Segundo o Anuário da justiça Brasil 2024, 12% de todos os novos casos propostos em 2023 eram pedidos de indenização por danos morais ou materiais. Segundo os juristas, uma das razões para isso é o aumento da consciência dos cidadãos acerca de seus direitos, mas também, a advocacia predatória.

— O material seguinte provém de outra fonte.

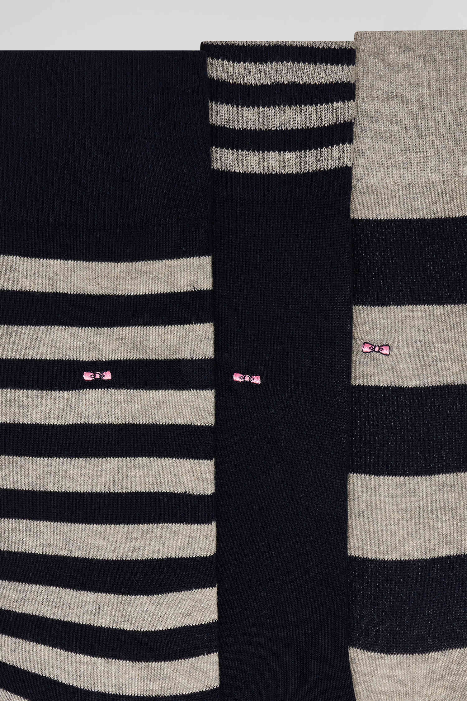 Our horizontal striped knee-high socks have become iconic accessories in the Eden Park men's collections. This set of three pairs of socks, available in blue, grey or coffee shades, is a perfect match for the autumn-winter wardrobe.
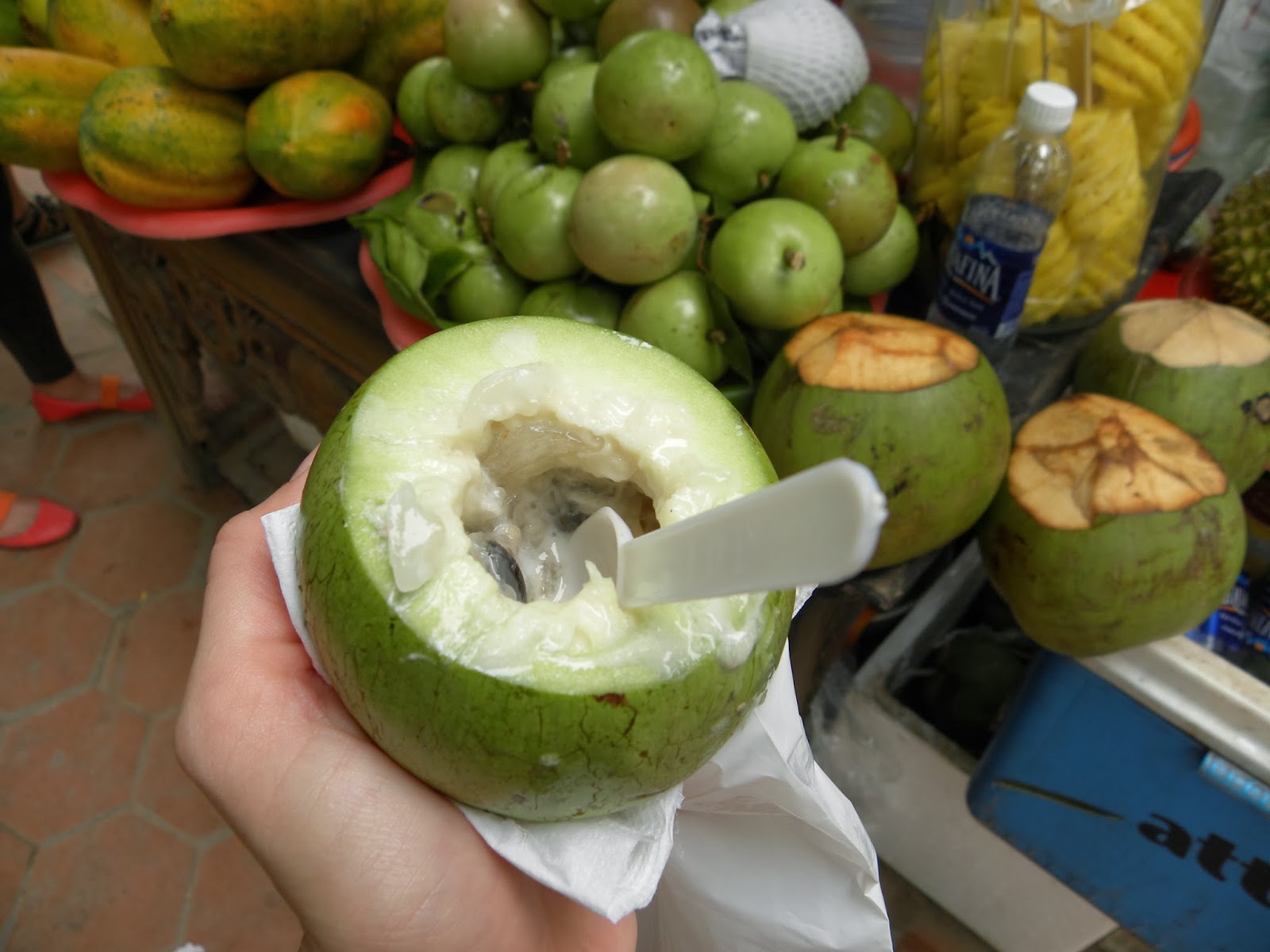 Na região do One Pillar Pagoda, comi uma das frutas mais exóticas da viagem, no entanto, continuo desconhecendo o nome. Parece uma goiaba, mas a casca é lisa e não comestível, no interior tem um líquido semelhante ao leite. Muito boa e foi dada pela vendedora.

Independente das razões, os processos por danos morais tem aumentado no país e os advogados e advogadas precisam estar preparados para esses casos. Assim, vamos explanar um pouco mais sobre danos morais neste artigo.

O que são danos morais?

O art. 5º da constituição federal institui o Direito à indenização por danos morais e materiais:

Art. 5º Todos são iguais perante a lei, sem distinção de qualquer natureza, garantindo-se aos brasileiros e aos estrangeiros residentes no País a inviolabilidade do direito à vida, à liberdade, à igualdade, à segurança e à propriedade, nos termos seguintes:

[…]

X – são invioláveis a intimidade, a vida privada, a honra e a imagem das pessoas, assegurado o direito a indenização pelo dano material ou moral decorrente de sua violação;

Mas, quais seriam esses danos morais?

Danos morais são aqueles que provocam algum prejuízo moral ou psicológico a outrem, por exemplo, ofensas à honra, a reputação, a imagem, intimidade ou privacidade da pessoa.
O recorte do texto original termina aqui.